Form S-8

As filed with the Securities and Exchange Commission on June 16, 2015.

Registration No. 333-            

 

 

 

UNITED STATES

SECURITIES AND EXCHANGE COMMISSION

Washington, D.C. 20549

 

 

FORM S-8

REGISTRATION STATEMENT

UNDER

THE SECURITIES ACT OF 1933

 

 

F.N.B. CORPORATION

(Exact name of registrant as specified in its charter)

 

 

 

Florida 25-1255406

(State or other jurisdiction of

incorporation or organization)

 

(I.R.S. Employer

Identification No.)

12 Federal Street

One North Shore Center

Pittsburgh, Pennsylvania 15212

(Address of principal executive offices) (Zip Code)

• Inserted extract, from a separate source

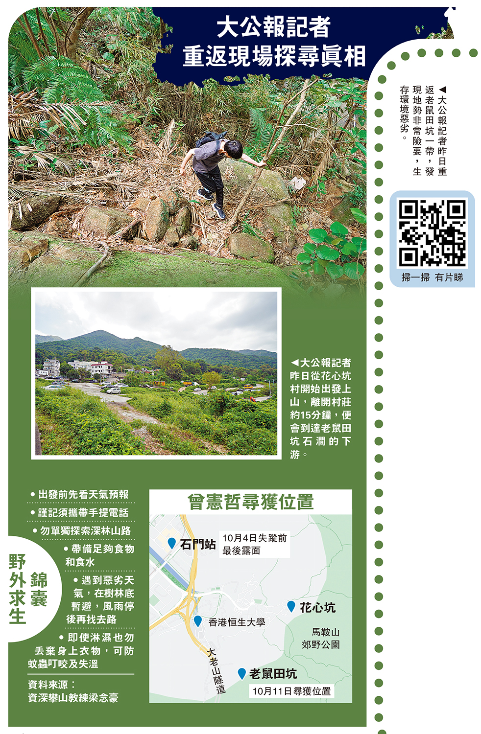 失蹤少年奇跡般尋獲引發全城熱話,尋獲少年地點的老鼠田坑位處何地?該處環境如何?是否具備野外生存的條件……《大公報》記者昨日實地走訪尋獲曾憲哲的老鼠田坑荒林,尋找少年荒野求生的蛛絲馬跡。不過,有攀山專家直言,在無裝備且遇上極端天氣情況下,在荒野生存八日是「絕對無可能」,一般人在沒有任何食水和食物情況下,要在荒山求生,一般兩至三日已經是極限,不排除事有蹺蹊,並提醒市民切勿單獨探索深林野路。
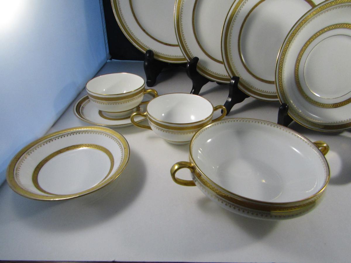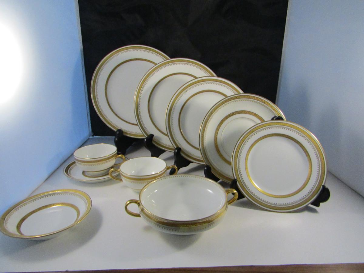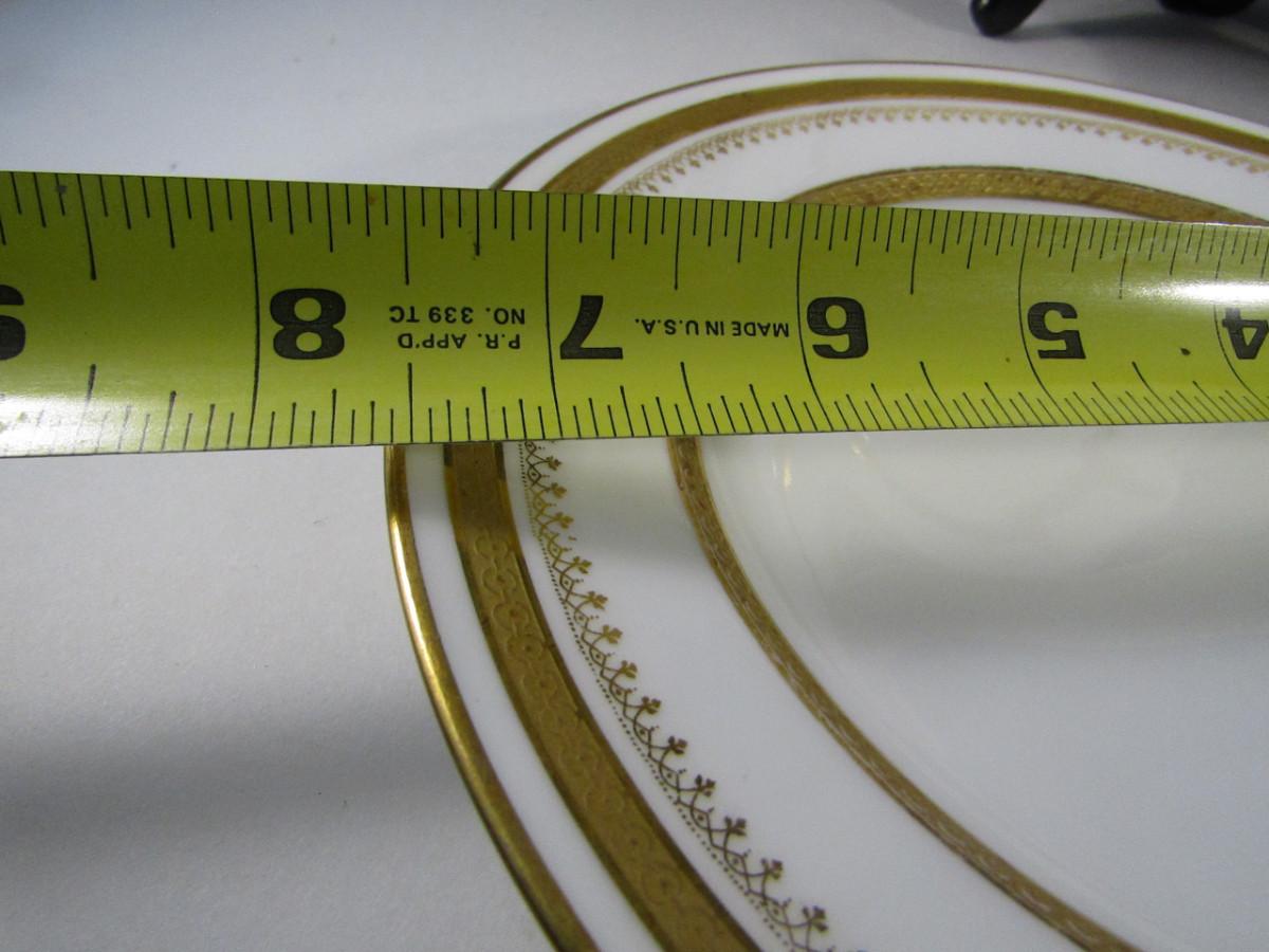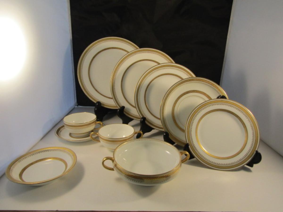 Assorted Haviland Limoges Dinnerware- Classic White with Gilded Design- Approx 63 Pieces. Dinner Plate (9 7/8")- 2, Luncheon Plate (8 3/4")- 3, Bread/Dessert Plate (6 1/4")- 22, Salad Plate (7 5/8")- 1. Berry Bowl- 3, Bowl (7 1/2")- 9, Regular Cup- 1, Regular Saucer- 11, Two Handled Cup- 3, Two Handled Soup- 4, Plate for Two Handled Soup- 4. All in used condition- please allow for occasional chip/crack.

F.N.B. Corporation 2007 Incentive Compensation Plan (Amended and Restated Effective May 20, 2015)

(Full Title of the Plan)

Vincent J. Delie, Jr.

President and Chief Executive Officer

F.N.B. Corporation

12 Federal Street

One North Shore Center

Pittsburgh, Pennsylvania 15212

(Name and address of agent for service)

(800) 555-5455

(Telephone number, including area code, of agent for service)

 

 

Indicate by check mark whether the registrant is a large accelerated filer, an accelerated filer, a non-accelerated filer, or a smaller reporting company. See the definitions of “large accelerated filer,” “accelerated filer” and “smaller reporting company” in Rule 12b-2 of the Exchange Act.

 

Large accelerated filer   x    Accelerated filer   ¨
Non-accelerated filer   ¨  (Do not check if a smaller reporting company)    Smaller reporting company   ¨

 

 

CALCULATION OF REGISTRATION FEE

 

 

Title of Each Class of

Securities to be Registered

 

Amount to be

Registered(1)

 

Proposed

Maximum

Offering

Price per Unit(2)

 

Proposed

Maximum
Aggregate

Offering Price(2)

 

Amount of

Registration

Fee(2)

Common stock, $0.01 par value per share

  1,500,000 shares   $13.90   $20,850,000.00   $2,422.77

 

 

(1) Pursuant to Rule 416(a) under the Securities Act of 1933, as amended (the “Securities Act”), this registration statement shall also be deemed to cover any additional securities to be offered or issued in connection with the provisions of the above-referenced plan, which provide for adjustments in the amount of securities to be offered or issued to prevent dilution resulting from stock splits, stock dividends or similar transactions.
(2) Estimated solely for the purpose of calculating the registration fee pursuant to Rules 457(c) and 457(h) under the Securities Act, based upon the average of high and low prices of the common stock of F.N.B. Corporation as reported on the New York Stock Exchange on June 9, 2015, which was $13.90.

 

 

 


EXPLANATORY NOTE

This registration statement on Form S-8 is being filed with respect to 1,500,000 additional shares of common stock of F.N.B. Corporation, par value $0.01 per share (the “Common Stock”), that are issuable under the F.N.B. Corporation 2007 Incentive Compensation Plan (the “2007 Incentive Plan”), and are of a class of securities for which F.N.B. Corporation has other effective registration statements on Form S-8 that relate to the 2007 Incentive Plan. Pursuant to General Instruction E to Form S-8, the contents of those earlier registration statements on Form S-8, which were filed with the Securities and Exchange Commission on June 27, 2007 (File No. 333-144088) and on August 10, 2011 (File No. 333-176202), are incorporated by reference herein except as otherwise set forth below.

PART II

INFORMATION REQUIRED IN THE REGISTRATION STATEMENT

 

Item 6. Indemnification of Directors and Officers.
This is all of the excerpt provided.